> WORK TO COMPLETE: Beneath this line are entries. Copy the range from the line with "天祥奖学金是由淄博天威集团天" to the line with "2、 获取仓库地址:git@", ends included, exactly; leave pictures out.

> EXCERPTED DATA:
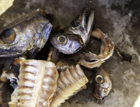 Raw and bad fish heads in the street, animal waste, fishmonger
--
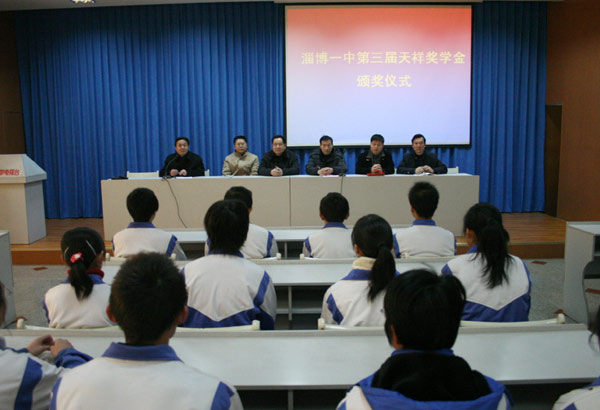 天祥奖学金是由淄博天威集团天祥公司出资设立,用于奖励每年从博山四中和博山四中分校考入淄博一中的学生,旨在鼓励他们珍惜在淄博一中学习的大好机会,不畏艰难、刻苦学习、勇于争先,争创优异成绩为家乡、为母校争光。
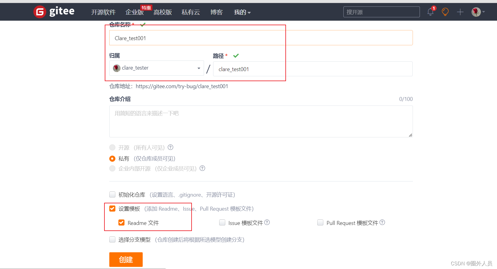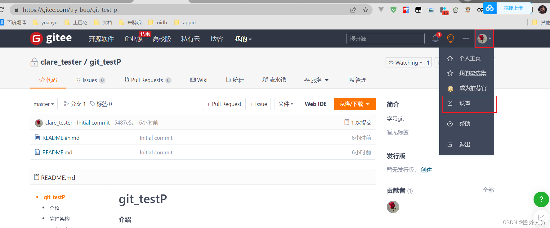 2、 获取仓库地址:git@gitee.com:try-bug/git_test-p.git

> RESPONSE:
 天祥奖学金是由淄博天威集团天祥公司出资设立,用于奖励每年从博山四中和博山四中分校考入淄博一中的学生,旨在鼓励他们珍惜在淄博一中学习的大好机会,不畏艰难、刻苦学习、勇于争先,争创优异成绩为家乡、为母校争光。
 2、 获取仓库地址:git@gitee.com:try-bug/git_test-p.git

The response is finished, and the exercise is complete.